Recap of the September 2022 Congressional Data Task Force Meeting

The Congressional Data Task Force provided a series of legislative branch technology updates at its third quarter meeting on September 29, 2022, including a CAO presentation on adding metadata to Statements of Disbursement, a recap of the Library of Congress Virtual Public Forum, updates on the comparative print project and E-Hopper, updates on how the Congress.gov API beta is handling committee codes, and more. 

We have a full report below on what happened at the two-hour meeting below, and here are some highlights:

The CAO announced it is adding metadata to Statements of Disbursement to make files easier to analyze. The CAO is obligated to produce these 60 days after the quarter. The information is currently in PDF and is human readable, but CHA requested CAO to enhance the data to make it easier for third parties to download the spreadsheets and perform analysis using automated tools. The new columns will provide unique identifiers for the following five columns in the current files: organization, program, sort subtotal description, description, and vendor name.

The Library of Congress recapped its recent Virtual Public Forum (which we wrote about here), including the announcement about the new Congress.gov API, several Congress.gov enhancements, and panels on legislative data standards. 

The House Clerk’s office provided a helpful update on its comparative print project, E-Hopper and Legislative Information Management System. The E-Hopper application — which began in 2019 right before the pandemic — has replaced the physical hopper as the primary way for staffers to submit legislative documents. This process has shifted the burden from member offices to bill clerks. The old system required one bill to be printed at a time; the new solution allows for bulk printing which is saving immense amounts of time and resources in the Clerk’s office. 

A thorough discussion on how the Congress.gov API is handling committee codes, which are essential to understanding committee makeup and information over time. Congressional committees – especially standing committees – have had different names over time (think the Committee on Resources versus the Committee on Natural Resources.) Creating committee codes help break the conflicts and differentiates committees from one another over time. From the House perspective, if the House Rules don’t change the standing committee names, the House Clerk will use the same codes for the same committees. However, they will not issue the subcommittee codes until the committees have held their organizational meetings and vote on their committee rules, which sometimes doesn’t happen until May or later. 

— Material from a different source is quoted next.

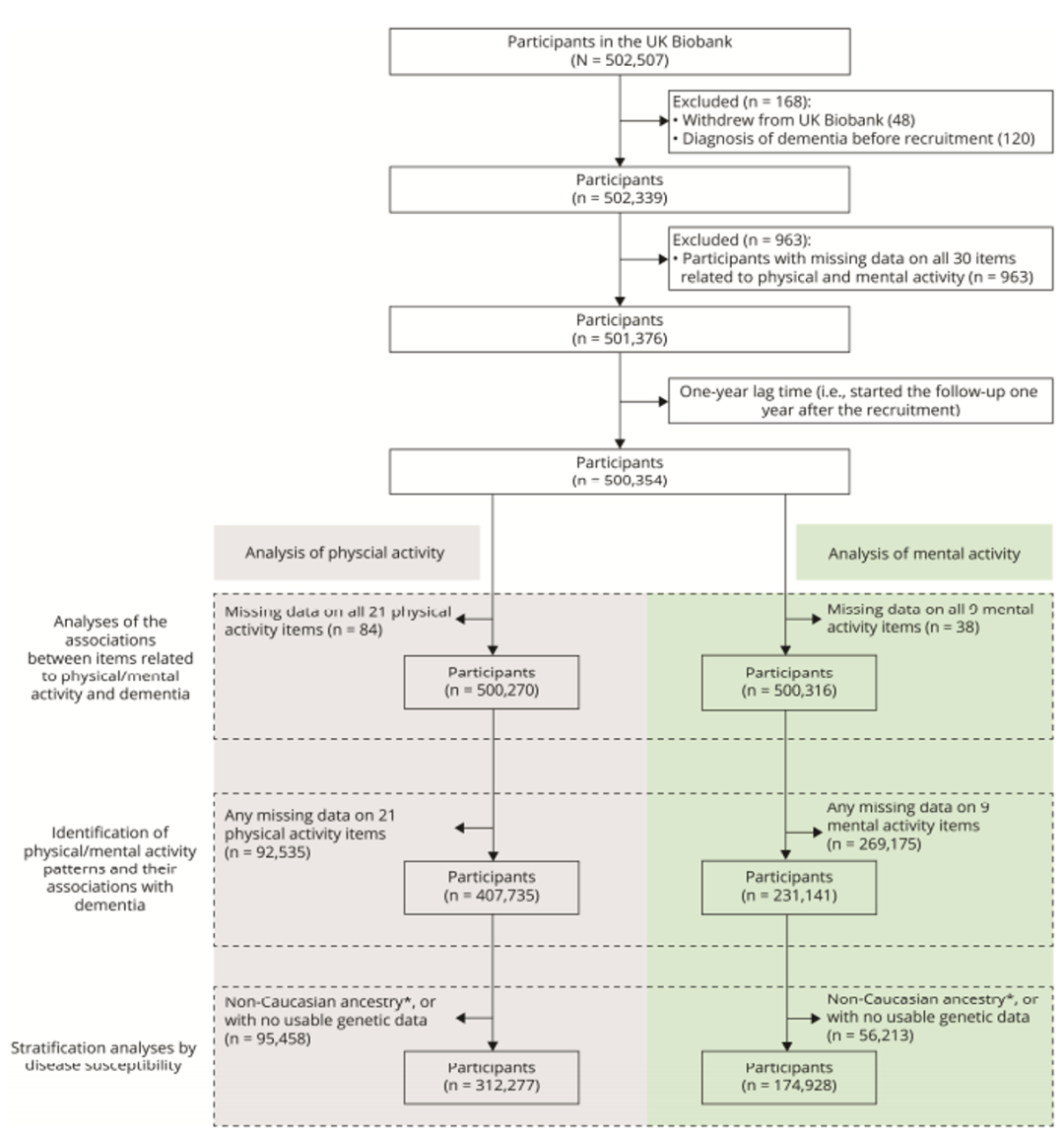 在英国生物样本库的所有502,507名个体中,作者排除了撤回数据的参与者(=48)、在招募前被诊断为痴呆(=120)或没有关于身体和心理活动的可用信息(=963)(图1)。作者构建了单独的队列来分析在基线水平测量的30个不同的身体和心理活动项目,其中一个特定项目缺失值的参与者被从该特定项目的分析中删除。剩下的参与者随后根据他们相应的暴露水平被分为不同的组(即参照组和暴露组)。考虑到痴呆的潜在诊断延迟,从而导致反向因果关系的风险(即自我报告的身体和心理活动受到痴呆临床前症状的影响),作者对每个参与者从招募日期后一年(即1年延迟),直到诊断为痴呆、死亡或研究结束(即2019年12月31日),以先发生者为准。最终的分析队列包括501,376名参与者。

The next meeting of the Congressional Data Task Force will take place on Tuesday, December 13, 2022. Video of these proceedings and announcements of the next will be available on the Congressional Data Task Force’s Innovation Hub.

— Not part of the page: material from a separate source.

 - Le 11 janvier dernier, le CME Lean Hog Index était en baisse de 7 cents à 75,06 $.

Prior meetings for which we’ve published a summary:
2022: September LC Virtual Public Forum | June CDTF | March BDTF | April Hackathon
2021: July BDTF | September LC Virtual Public Forum
2020: September LC Virtual Public Forum
2019: July BDTF | October BDTF |
2018: February 2018 (available upon request) | June LDTC | November BDTF |
2017: April BDTF (available upon request | June BDTF (available upon request) | December Hackathon
2016: May BDTF | June LDTC (and this)
2015: May LDTC | October Hackathon
2014: February BDTF | June LDTC | December BDTF
2013: February BDTF | May LDTC |
2012: April LDTC |

=-=-=-=-=-=-=-=-=-=-=-

Welcome from Kristen Gullickson

  • Review of who is part of the task force.
  • Adding a digital layer to a centuries-old paper process.
  • Online means more than just electronically. Want to also provide structured data in a dynamic way.
    • Three characteristics that documents share
      • Presentation: how the content looks
      • Structure: how the content is organized
      • Semantics: what does it mean
  • Continued excitement about the release of the Congress.gov API.
  • Upcoming release of responsive HTML for bill text. 
  • Work being done regarding USLM and data modeling. 
  • Task force info available at https://usgpo.github.io/innovation

Since Last Meeting

  • 9/21/22 virtual forum on Congress.gov
    • Release of Congress.gov API
    • Congress.gov is ten years old
  • Introduction of H.Res. 1331, the latest Modernization Committee resolution

Kimberly Ferguson – Congress.gov

  • Congress.gov virtual public forum. 
  • Video will be available very soon. Will be shared via Congress.gov notification email.
  • Three-hour long Library of Congress Virtual Forum
    • Top ten Congress.gov enhancement list
      • Congress.gov has an enhancement timeline every three weeks.
    • Congress.gov API beta release.
      • Decades in the making. 
      • Majority of communications will come through LC Github workspace.
    • Q – Do amendments include House and Senate amendments?
      • A – Important to understand the difference between metadata and full text of materials. Right now the amendments include metadata for House and Senate floor amendments — actions, descriptions, sponsors, etc. Amendments happen in committees as well; not there yet. Working on releasing the amendments end point for full text for Senate amendments. 
    • Two data partner panels
      • 1st: House, Senate, GPO, Law Library projects and Q&A
      • 2nd: Legislative Data Standards and USLM
    • Updates from Constitution Annotated and CBO. 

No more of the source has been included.